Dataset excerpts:

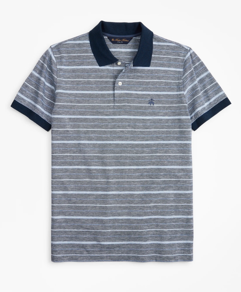 Slim Fit Cotton and Linen Stripe Polo Shirt
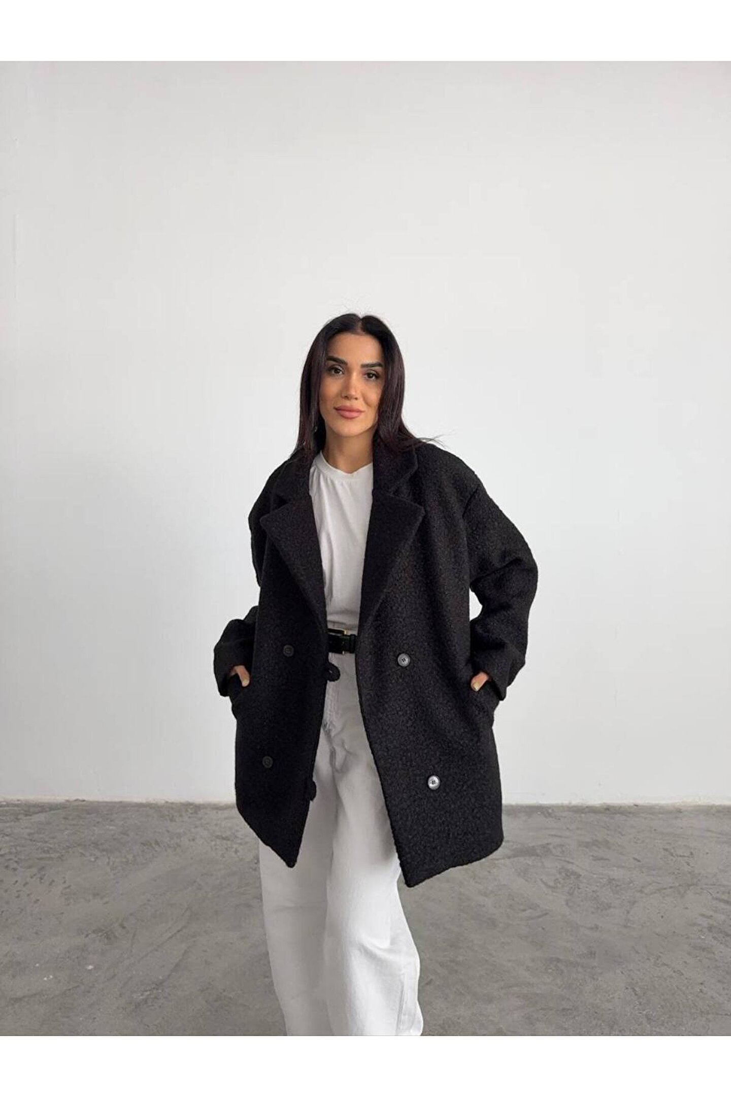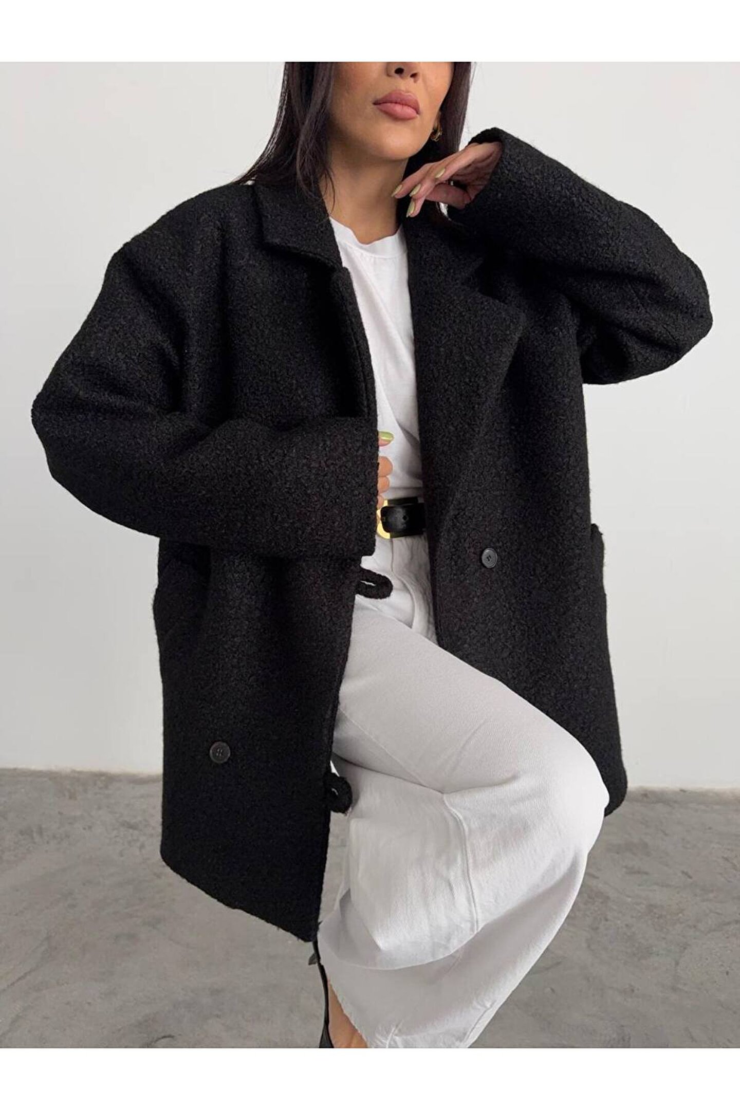 popibutik Kadın Buklet Kumaş Kısa Kaban
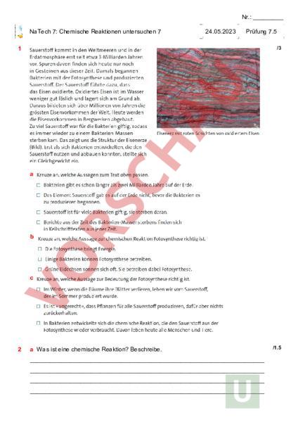 Nr.: NaTech 7: Chemische Reaktionen untersuchen 7 24.05.2023 Prüfung 7.5 /3 1 2 Was ist eine chemische Reaktion? Beschreibe. /1.5 Welche der folgenden Situationen sind chemische Reaktionen. Kreuze an: /2 Glace schmelzen Fleisch braten Stern leuchtet Wasserdampf resublimiert Pflanze produziert Zucker Strom fliesst Eisen rostet Kaffee kochen 3 Notiere zu folgender chemischen Reaktion die Ausgangsstoffe, die Reaktion und die Produkte und kreuze im Reaktionsschema an. /2 Fotosynthese: /3 4 Notiere nun die beiden anderen. 5 Aufgeführt sind einige Stoffe. Streiche die Gemische durch. Bei den Reinstoffen entscheidest du dich, ob es Elemente (E) molekulare Stoffe (M) oder Salze (S) sind und schreibst den entsprechenden Buchstaben in die Klammer: Erde (.) Stickstoff (.) Eisensulfid (.) Kohlenstoffdioxid (.) Wasser (.) Natriumchlorid (.) Methangas (CH4) (.) Schwefel(.) Sirup (.) Silberoxid (.) Luft (.) Uran (.) /3 6 Wir haben zusammen betrachtet wie Eisen und Schwefel zu Eisen-Schwefel-Gemisch und durch eine chemische Reaktion zu Eisensulfid wird. Zeichne nun im Atommodell, wie man sich ein Gemisch und eine Verbindung vorstellt. (es muss nicht Schwefel und Eisen sein): Gemisch Verbindung 7 Warum wird Eisenwolle schwerer, wenn sie verbrannt wird? /1 /1.5 8 Stelle folgende Reaktionen mit den 6 Energiewürfeln dar. Wo haben wir vor der Reaktion welche Energieform, wie sieht es nachher aus? Fotosynthese Vorher: Umgebung Nachher: Umgebung Feuer mit Wasser löschen. Vorher: Umgebung Nachher: Umgebung /3 9 a) Ordne folgende Begriffe den Nummern zu (einige Nummer haben mehrere Begriffe): /2 Stoffe (); in mol/g (); Symbol (); Ordnungszahl (); Stoffname (); Atome () Atommasse (); Formel bei Molekülen () 1 5 b) Mache aus den erfundenen Elementen auf dem Zusatzblatt ein Periodensystem, die Zahl stellt die Atommasse dar, die gleiche Farbe gleiche Eigenschaften. Für die Lücke darfst du selber ein Atom samt Masse erfinden. Wie viele Gruppen und wie viele Perioden hat dieses System? 10 Heft Zusatz: Das griechische Wort „atomos bedeutet. Name: Nummer: /3 /2 /0.5 Zeltnium 41 Gautschium 15 Haribonium 13 Hawaiium 50 Portium 18 Sagium 37 Ugandium 45 Wildeggium 24 Colaium 48 Bezium 27 Maagium 22 Schoggium 33 Zeltnium 41 Gautschium 15 Haribonium 13 Hawaiium 50 Portium 18 Sagium 37 Ugandium 45 Wildeggium 24 Colaium 48 Bezium 27 Maagium 22 Schoggium 33 Zeltnium 41 Gautschium 15 Haribonium 13 Hawaiium 50 Portium 18 Sagium 37 Ugandium 45 Wildeggium 24 Colaium 48 Bezium 27 Maagium 22 Schoggium 33 Zeltnium 41 Gautschium 15 Haribonium 13 Hawaiium 50 Portium 18 Sagium 37 Ugandium 45 Wildeggium 24 Colaium 48 Bezium 27 Maagium 22 Schoggium 33 Zeltnium 41 Gautschium 15 Haribonium 13 Hawaiium 50 Portium 18 Sagium 37 Ugandium 45 Wildeggium 24 Colaium 48 Bezium 27 Maagium 22 Schoggium 33
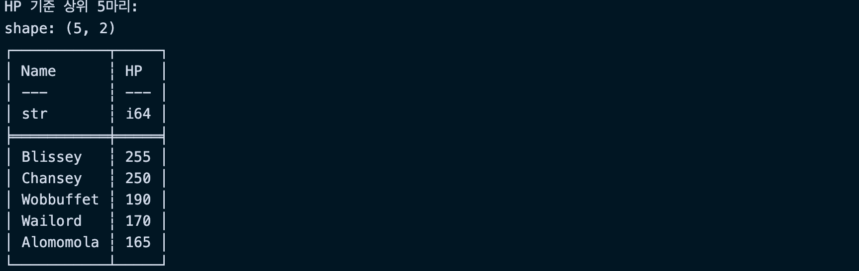 💡 여기서 사용하는 Polars 버전은 1.5입니다. polars 버전이 1 미만이면 예시 코드가 제대로 동작하지 않을 수 있습니다.
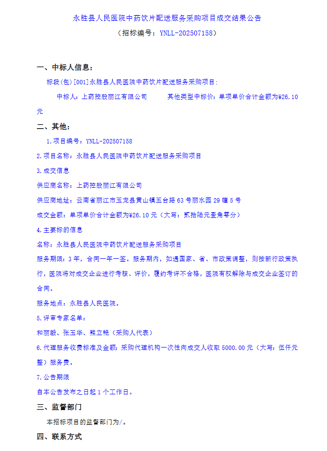 【丽江市永胜县人民医院】云南省丽江市永胜县人民医院中药饮片配送服务采购项目成交结果公告
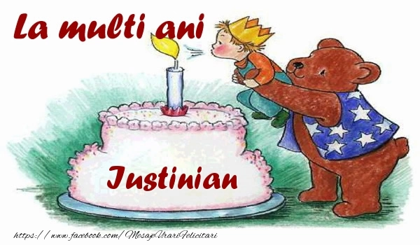 Trimiteți această felicitare plină de tandrețe pentru a sărbători momentul unic al unei noi începuturi. Fiecare detaliu, de la ursulețul simpatic până la copilul și tortul cu o lumânare, este menit să aducă fericire și sărbătoare în inima celui care o primește. Acestă felicitare este o modalitate adorabilă de a spune 'La mulți ani, Iustinian!' într-un mod cu totul unic și memorabil. Felicitarea se poate descărca gratuit sau se poate trimite prin Whatsapp, Facebook, Twitter, Pinterest. Imaginea are dimensiunile 600px x 350px și textul La multi ani Iustinian.
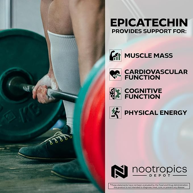 Nootropics Depot Epicatechin Tablets | 200mg (−)−Epicatechin + 6mg Piperine for Bioavailability | Green Tea Extract | Promotes Muscle Mass, Cardiovascular Health, and Energy | 30 Count
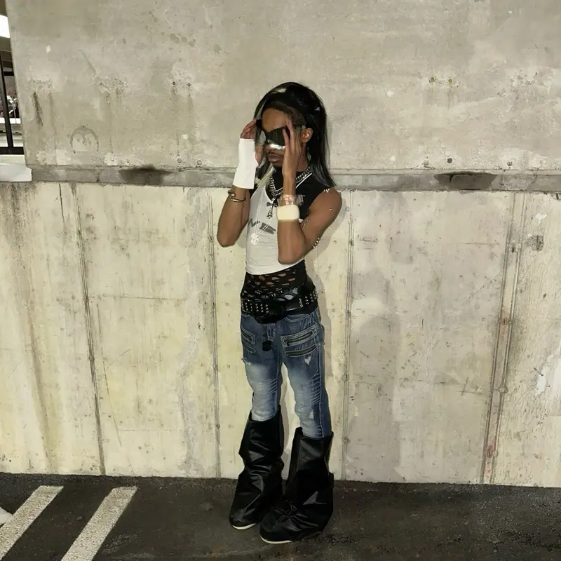 Reflective silver visor made for dirty bathroom lights and reckless confidence. Flash on, lips glossy, hair ruined. Proof you’re still standing. Proof you went too far.
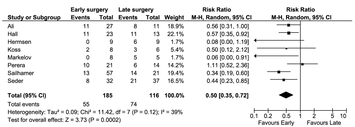 Before pooling study data, we assessed methodological and clinical heterogeneity across the studies and found variability in how the intervention and comparator were defined. The most commonly defined measure of early versus late surgery was progression to the need for vasopressors. With the use of this definition, eight studies were included in the meta-analysis. We found that early surgery was associated with reduced mortality rates with an RR of 0.50 (95% CI, 0.35–0.72; Fig. 2). Of note, the I[2] statistic was 39%, falling into the “low” heterogeneity category, indicating that the studies were comparable.
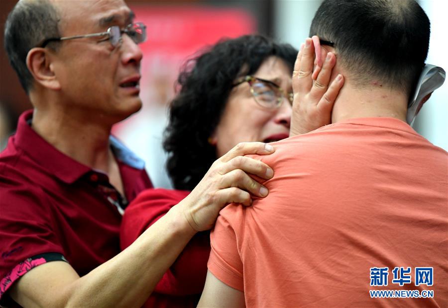 5月18日,李靜芝、毛振平(左)與失散32年的兒子毛寅團聚。新華社記者張博文攝
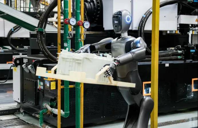 早在2025年5月,美的应用于工业场景的类人形机器人“美罗”就已进入荆州洗衣机工厂,在注塑车间等区域开展工作。经过半年多的场景验证,人形机器人积累了大量工业环境下的操作数据,为美罗 U 的研发提供了宝贵的实践经验,同时荆州工厂的实践也证明了机器人技术的价值。
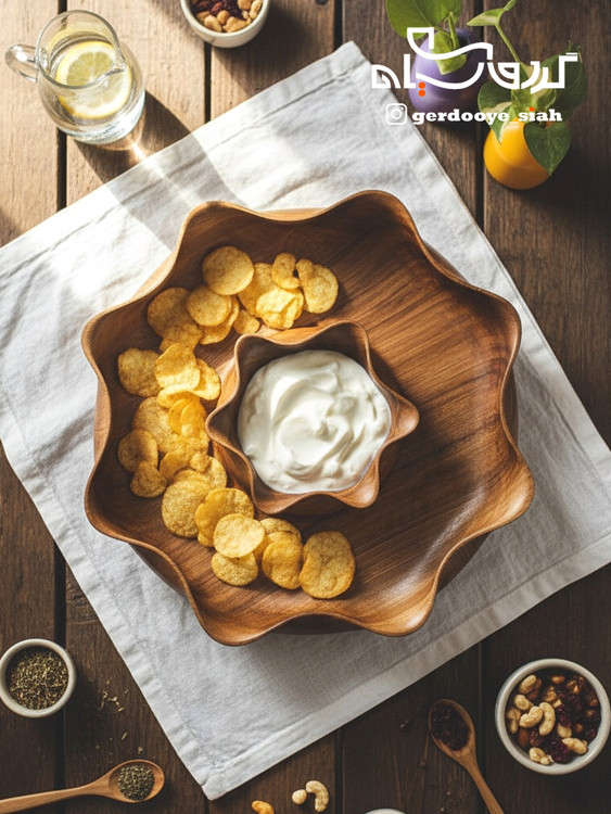 مزهخوری چوبی مدل «بَزم» یک انتخاب اصیل و دستساز برای افرادی است که به زیبایی، کیفیت و سبک زندگی طبیعی اهمیت میدهند. این محصول از چوب گردوی طبیعی و یکتکه ساخته شده و کاملاً دستتراش است؛ بنابراین هر قطعه ظاهر و نقش مخصوص خودش را دارد و مانند یک اثر هنری کوچک روی میز شما میدرخشد.
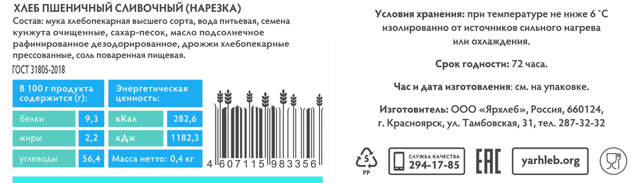 Хлеб Ярхлеб пшеничный сливочный с кунжутом, 400г
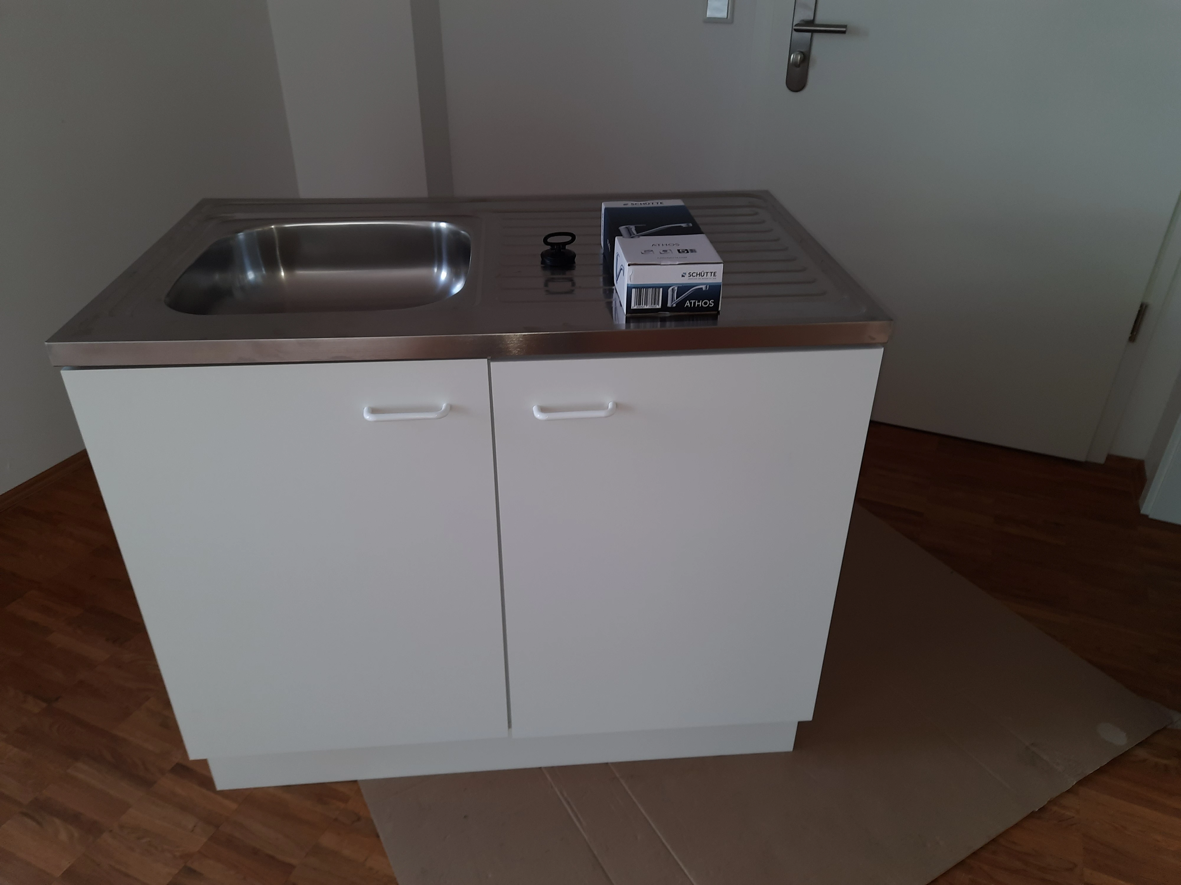 Hier verkaufe ich den neue Spuelenschrank weiss matt mit einem neuen wasser Armatur inklusive Abfluss Anschlüsse.
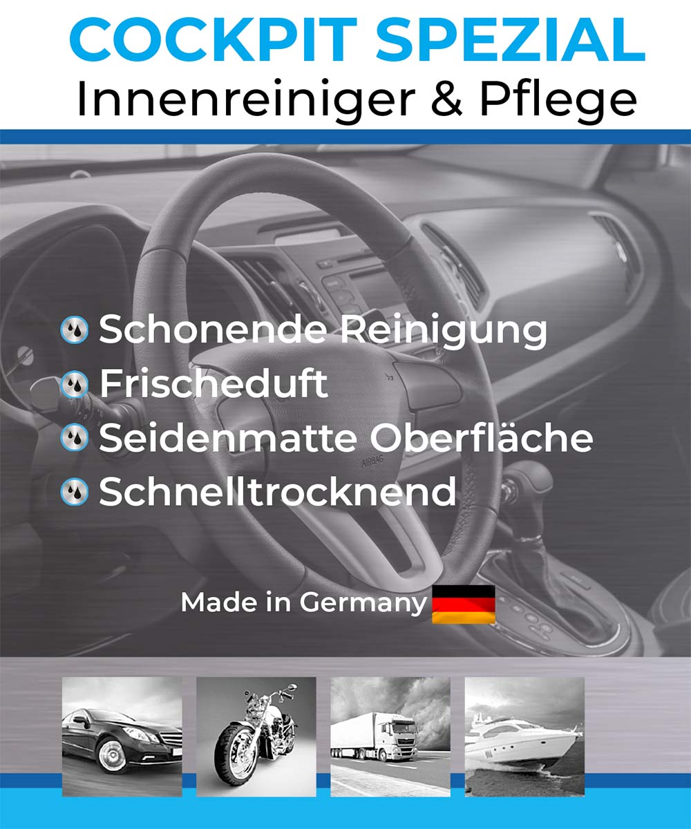 Unikum COCKPIT SPEZIAL reinigt und pflegt alle Kunststoffe, Gummiteile, Velour, Leder und sonstige Materalien in Innenraum und Außenbereich aller Fahrzeuge.Eigenschaften:COCKPIT SPEZIAL ist ein leistungsfähiger Spezialreiniger auf der Basis biologisch leicht abbaubaren Tensiden, wasserlöslichen Lösungsmitteln sowie hochwertigen Pflegekomponenten, die einen seidenmatten, antistatischen, blendfreien Film auf der gereinigten Oberfläche hinterlassen. Neueste hochwertige Tenside mit einem biologischen Abbaugrad von über 95% bilden die Grundlage für eine materialschonende Reinigung. Anwendung:COCKPIT SPEZIAL auf die zu reinigende Fläche gleichmäßig aufsprühen oder auftragen. Nach kurzer Einwirkzeit mit einem Schwamm / fusselfreien Mikrofasertuch oder weichen Bürste einarbeiten. Gelösten Schmutz mit einem Mikrofasertuch aufnehmen und abwischen. Nach dem Trocknen entsteht ein antistatischer, blendfreier Pflegefilm. Reinigt und pflegt alle Kunststoffe, Gummiteile, Velour und Leder. Lieferumfang: Unikum Cockpit Spezial Innenreiniger & Pflege 1L Flasche + Sprühkopf
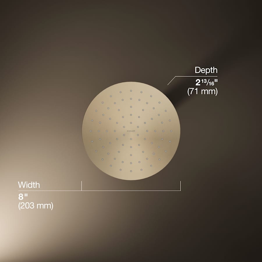 Enjoy a shower that simulates the soaking deluge of a warm summer downpour. This contemporary-style rainhead features innovative Katalyst air-induction technology, which efficiently mixes air and water to produce large water droplets and deliver a powerful, thoroughly drenching overhead shower experience. Its clean good looks and durable finish coordinate with many other KOHLER faucets and accessories.
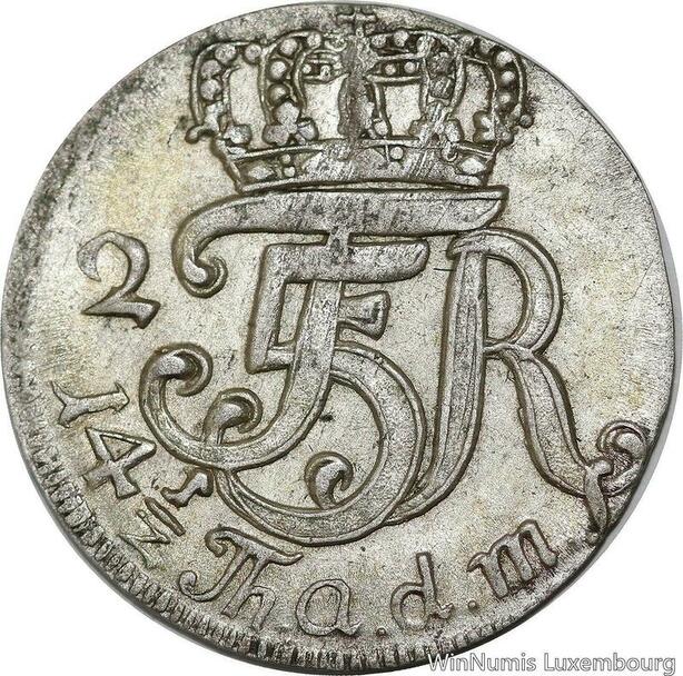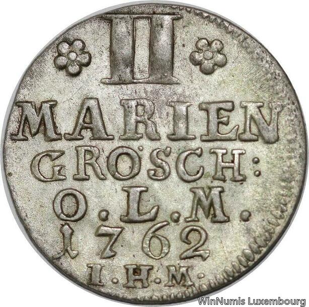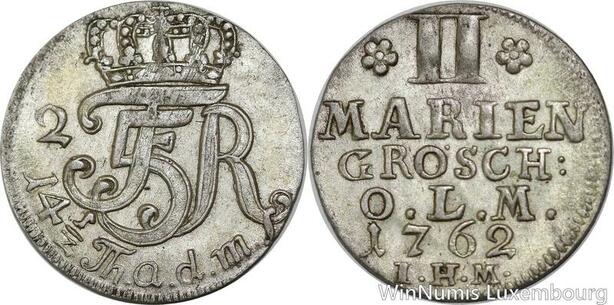 P8028 Rare Denmark Oldenburg 2 Mariengroschen Friedrich 1762 IHM Silver AU
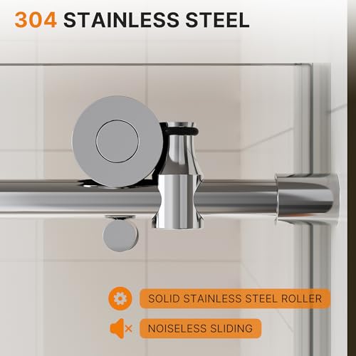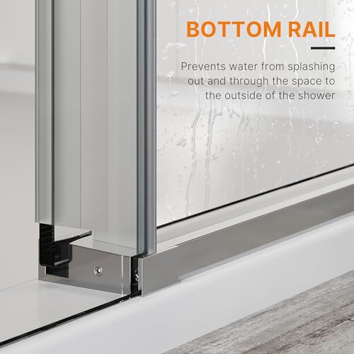 Effective Water Leak Protection: The 60 inch sliding shower door features a multiple leak-proof design, including an splash-proof threshold and full-length water seal strips with an extended side, ensuring a good sealing effect to effectively keep water splashing or overflowing, allowing you to enjoy your shower without worries
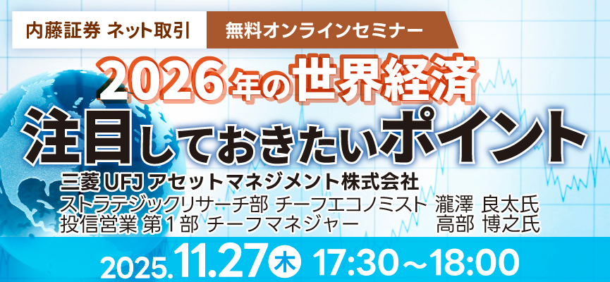 ・本セミナーは内藤証券ネット取引のお客様向けです。お申込み時にご入力いただく口座番号に誤りがある場合、ご視聴をお断りする事がございますのでご了承ください。
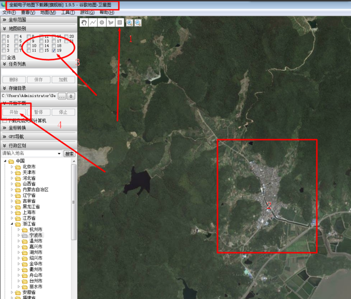 1.使用谷歌卫星截图软件,下载地形图所在的卫星图,软件可以百度查询,这里仅作参考,如使用图中软件请按照1--4顺序操作;

Exercise —
With the pictures left out, give again exactly the lines from the one with "Effective Water Leak" through the end of the data, both included.

The answer —
 Effective Water Leak Protection: The 60 inch sliding shower door features a multiple leak-proof design, including an splash-proof threshold and full-length water seal strips with an extended side, ensuring a good sealing effect to effectively keep water splashing or overflowing, allowing you to enjoy your shower without worries
 ・本セミナーは内藤証券ネット取引のお客様向けです。お申込み時にご入力いただく口座番号に誤りがある場合、ご視聴をお断りする事がございますのでご了承ください。
 1.使用谷歌卫星截图软件,下载地形图所在的卫星图,软件可以百度查询,这里仅作参考,如使用图中软件请按照1--4顺序操作;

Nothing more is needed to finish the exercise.